▶ _TASK TO CARRY OUT_
Could you print the data that follows exactly as given?

▶ _RECORDS SHOWN_
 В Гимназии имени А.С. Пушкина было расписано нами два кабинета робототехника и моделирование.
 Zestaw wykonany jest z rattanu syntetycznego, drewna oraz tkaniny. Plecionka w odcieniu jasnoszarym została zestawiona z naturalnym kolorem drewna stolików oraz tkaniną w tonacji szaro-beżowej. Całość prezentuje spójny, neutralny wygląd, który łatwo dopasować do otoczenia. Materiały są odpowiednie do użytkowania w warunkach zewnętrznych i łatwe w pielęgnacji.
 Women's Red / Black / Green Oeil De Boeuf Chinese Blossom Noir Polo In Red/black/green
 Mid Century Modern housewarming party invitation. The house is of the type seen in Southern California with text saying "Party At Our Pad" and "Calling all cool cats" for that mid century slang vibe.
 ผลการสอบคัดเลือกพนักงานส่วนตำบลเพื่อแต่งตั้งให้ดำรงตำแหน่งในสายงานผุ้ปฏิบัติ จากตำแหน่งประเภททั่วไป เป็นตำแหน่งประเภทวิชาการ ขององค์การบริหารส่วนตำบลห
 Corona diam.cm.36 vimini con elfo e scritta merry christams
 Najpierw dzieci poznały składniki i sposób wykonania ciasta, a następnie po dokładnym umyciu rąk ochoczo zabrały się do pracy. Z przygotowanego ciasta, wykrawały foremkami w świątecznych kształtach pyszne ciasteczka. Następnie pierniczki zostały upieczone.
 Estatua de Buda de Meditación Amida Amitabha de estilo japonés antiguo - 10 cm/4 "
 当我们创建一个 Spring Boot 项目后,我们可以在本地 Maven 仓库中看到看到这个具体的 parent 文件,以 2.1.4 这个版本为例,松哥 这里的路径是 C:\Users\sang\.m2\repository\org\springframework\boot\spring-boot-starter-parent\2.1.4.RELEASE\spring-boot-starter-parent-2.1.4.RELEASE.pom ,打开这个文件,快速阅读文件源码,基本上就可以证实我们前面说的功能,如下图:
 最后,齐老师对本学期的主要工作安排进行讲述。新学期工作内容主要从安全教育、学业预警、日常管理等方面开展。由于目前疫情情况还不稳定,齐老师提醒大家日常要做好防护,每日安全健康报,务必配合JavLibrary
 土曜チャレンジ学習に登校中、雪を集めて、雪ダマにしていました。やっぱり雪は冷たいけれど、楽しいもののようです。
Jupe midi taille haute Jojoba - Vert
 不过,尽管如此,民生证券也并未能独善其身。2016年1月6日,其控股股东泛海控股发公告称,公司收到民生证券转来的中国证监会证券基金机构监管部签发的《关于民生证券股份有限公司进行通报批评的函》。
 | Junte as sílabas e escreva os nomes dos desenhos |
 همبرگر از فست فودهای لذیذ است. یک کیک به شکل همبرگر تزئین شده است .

▶ _FINISHED EXERCISE_
 В Гимназии имени А.С. Пушкина было расписано нами два кабинета робототехника и моделирование.
 Zestaw wykonany jest z rattanu syntetycznego, drewna oraz tkaniny. Plecionka w odcieniu jasnoszarym została zestawiona z naturalnym kolorem drewna stolików oraz tkaniną w tonacji szaro-beżowej. Całość prezentuje spójny, neutralny wygląd, który łatwo dopasować do otoczenia. Materiały są odpowiednie do użytkowania w warunkach zewnętrznych i łatwe w pielęgnacji.
 Women's Red / Black / Green Oeil De Boeuf Chinese Blossom Noir Polo In Red/black/green
 Mid Century Modern housewarming party invitation. The house is of the type seen in Southern California with text saying "Party At Our Pad" and "Calling all cool cats" for that mid century slang vibe.
 ผลการสอบคัดเลือกพนักงานส่วนตำบลเพื่อแต่งตั้งให้ดำรงตำแหน่งในสายงานผุ้ปฏิบัติ จากตำแหน่งประเภททั่วไป เป็นตำแหน่งประเภทวิชาการ ขององค์การบริหารส่วนตำบลห
 Corona diam.cm.36 vimini con elfo e scritta merry christams
 Najpierw dzieci poznały składniki i sposób wykonania ciasta, a następnie po dokładnym umyciu rąk ochoczo zabrały się do pracy. Z przygotowanego ciasta, wykrawały foremkami w świątecznych kształtach pyszne ciasteczka. Następnie pierniczki zostały upieczone.
 Estatua de Buda de Meditación Amida Amitabha de estilo japonés antiguo - 10 cm/4 "
 当我们创建一个 Spring Boot 项目后,我们可以在本地 Maven 仓库中看到看到这个具体的 parent 文件,以 2.1.4 这个版本为例,松哥 这里的路径是 C:\Users\sang\.m2\repository\org\springframework\boot\spring-boot-starter-parent\2.1.4.RELEASE\spring-boot-starter-parent-2.1.4.RELEASE.pom ,打开这个文件,快速阅读文件源码,基本上就可以证实我们前面说的功能,如下图:
 最后,齐老师对本学期的主要工作安排进行讲述。新学期工作内容主要从安全教育、学业预警、日常管理等方面开展。由于目前疫情情况还不稳定,齐老师提醒大家日常要做好防护,每日安全健康报,务必配合JavLibrary
 土曜チャレンジ学習に登校中、雪を集めて、雪ダマにしていました。やっぱり雪は冷たいけれど、楽しいもののようです。
Jupe midi taille haute Jojoba - Vert
 不过,尽管如此,民生证券也并未能独善其身。2016年1月6日,其控股股东泛海控股发公告称,公司收到民生证券转来的中国证监会证券基金机构监管部签发的《关于民生证券股份有限公司进行通报批评的函》。
 | Junte as sílabas e escreva os nomes dos desenhos |
 همبرگر از فست فودهای لذیذ است. یک کیک به شکل همبرگر تزئین شده است .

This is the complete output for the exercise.